---------- Dataset excerpt
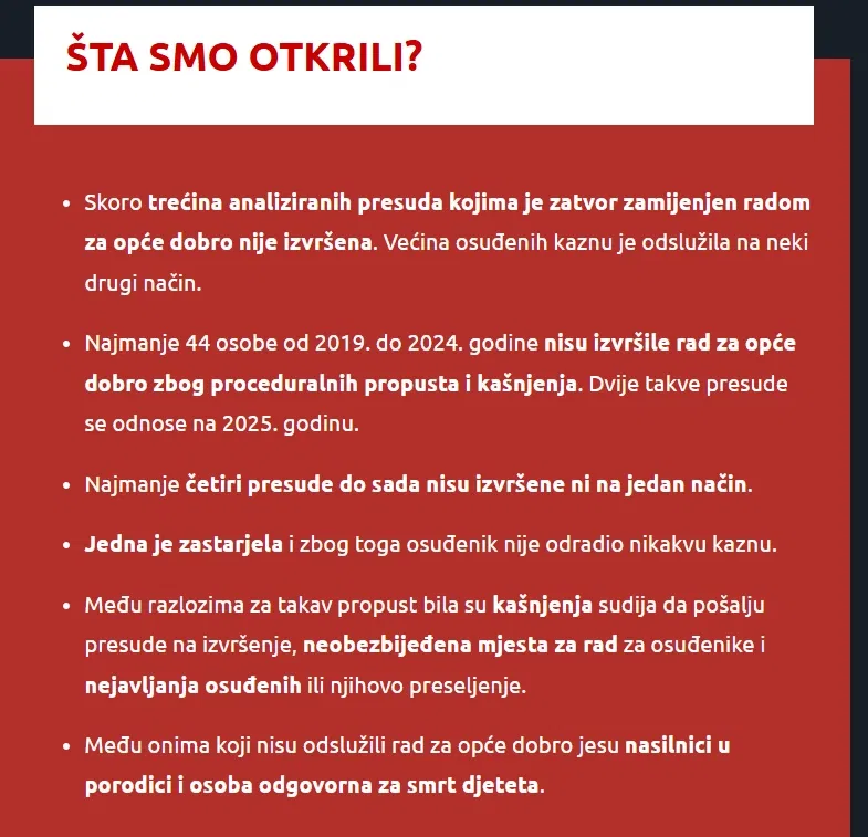 Među otkrićima je i to da Ministarstvo pravde u Republici Srpskoj nije u svim općinama sklopilo ugovore za izvršenje rada za opće dobro, zbog čega dvojica osuđenih 2023. i 2024. godine još uvijek nisu odslužili svoje kazne.
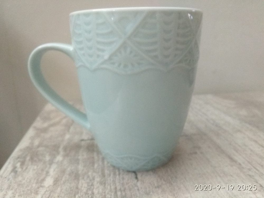 Кружечка отличного качества, легкая, звонкая, цвет чуть бледнее чем на фото.
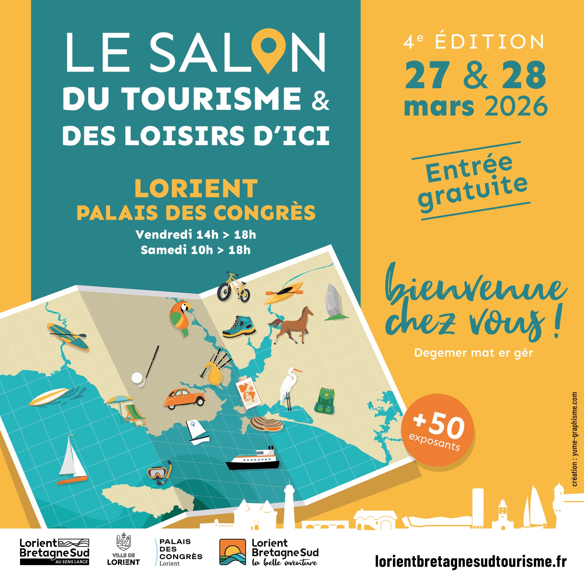 Les 27 et 28 mars 2026, le Palais des Congrès de Lorient accueille le salon du tourisme et des loisirs « Bienvenue chez vous ! », organisé par Lorient Bretagne Sud Tourisme. Deux jours pour découvrir les pépites locales, les activités nature, les idées de sorties en famille et toutes les offres de loisirs du territoire.
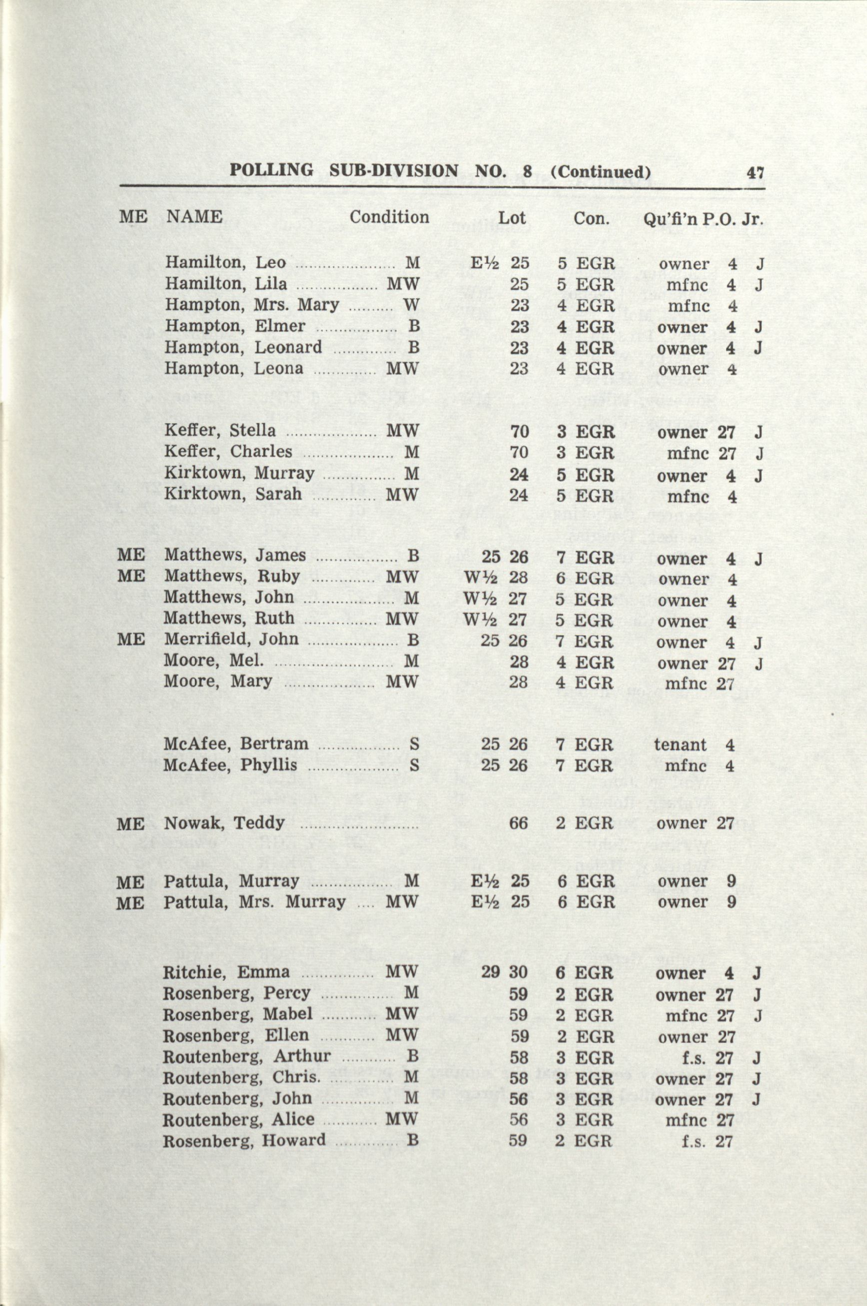 Voters' list of the township of Holland for the year 1958
--------------------
● Activity
Only one stretch of the material above is wanted: the line containing "Кружечка отличного качества, легкая, звонкая, цвет" through the line containing "Les 27 et 28". Restate it word for word, minus the pictures.

● Result of the exercise
 Кружечка отличного качества, легкая, звонкая, цвет чуть бледнее чем на фото.
 Les 27 et 28 mars 2026, le Palais des Congrès de Lorient accueille le salon du tourisme et des loisirs « Bienvenue chez vous ! », organisé par Lorient Bretagne Sud Tourisme. Deux jours pour découvrir les pépites locales, les activités nature, les idées de sorties en famille et toutes les offres de loisirs du territoire.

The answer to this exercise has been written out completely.